謹賀新年、今年も「歴史に学ぶ」ことから、長いトンネルの先の旅情とロマンにひたるゆとり
Date:2015-01-01

明けましておめでとうございます。

2015年が始まった。川端康成の小説「雪国」で「国境の長いトンネルを抜けると雪国であった。夜の底が白くなった」。トンネルが旅情やロマンの予感を漂わせる。

新年、当たり前のように過ぎるが、川端さん流に考えると面白い。トンネル続きの現代、それでも抜け出ることを考えると希望が沸く。

ひとつは北陸新幹線が、どんな影響をおよぼすのか。舞鶴若狭自動車道のように素通り、ストロー現象もあるかもしれない。一方で長野、群馬、埼玉など遠くの存在が近くになる。シャワー効果を呼び寄せる工夫も必要ではないか。

かつてあった「アウトレット構想」、一昨日もかいた「道の駅」と鉄道と港の「金ヶ崎」構想など、どう取り組むか。財政との兼ね合いを考えながらのまちづくりも面白い。

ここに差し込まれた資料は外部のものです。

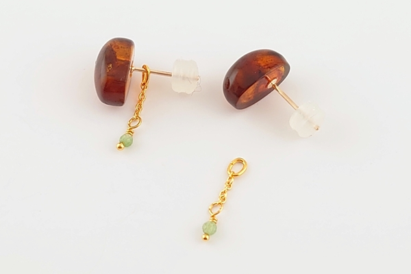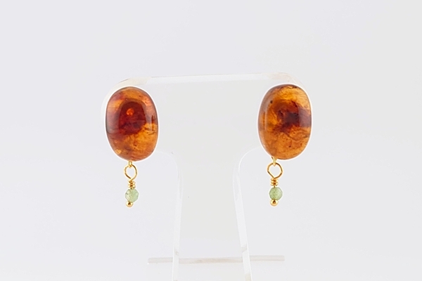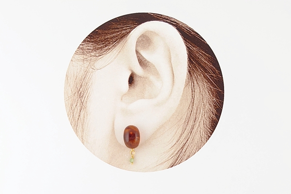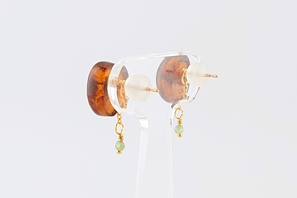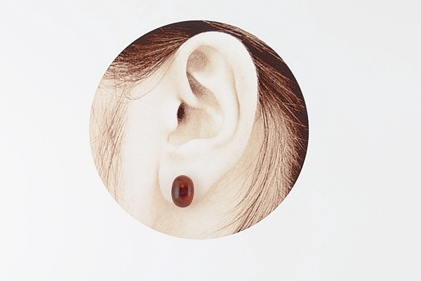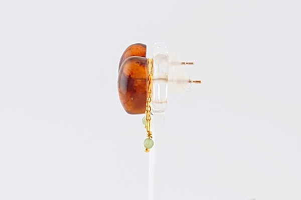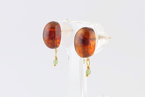 ふっくらとしたオーバル型の久慈産琥珀のピアスです。

ところで、「歴史に学ぶ」というけれどはるか昔、縄文時代の私たちの祖先に教わることも多いのかもしれない。今年の考古学ニュースを振り返り、縄文前期(約6800~5500年前)、富山市の小竹貝塚では、ロシアから北海道にみられる北方系と、東南アジアから中国南部に多い南方系の人々が、一緒に暮らしていたことがわかったとの報道。それも出土した人骨91体のDNA鑑定により分かったから、これは本物だ。

 この貝塚では近畿、関東、東北で作られる土器や、九州や伊豆諸島以南でしか採取できない貝オオツタノハの腕輪も見つかっている。壮大な人や物の動き、多様な人々が共に暮らす姿を思えば、近隣諸国といがみあい、地方対都会の構図に陥りがちな現代人が小さく思える。

 国境も格差も小さく感じられる。敦賀は交通の要衝。東洋の波止場でもある。長いスパンで息長く、そして粘り強く、まちづくりを考えたい。

今年も「歴史に学ぶ」ことから、長いトンネルの先の旅情とロマンにひたるゆとりがほしい。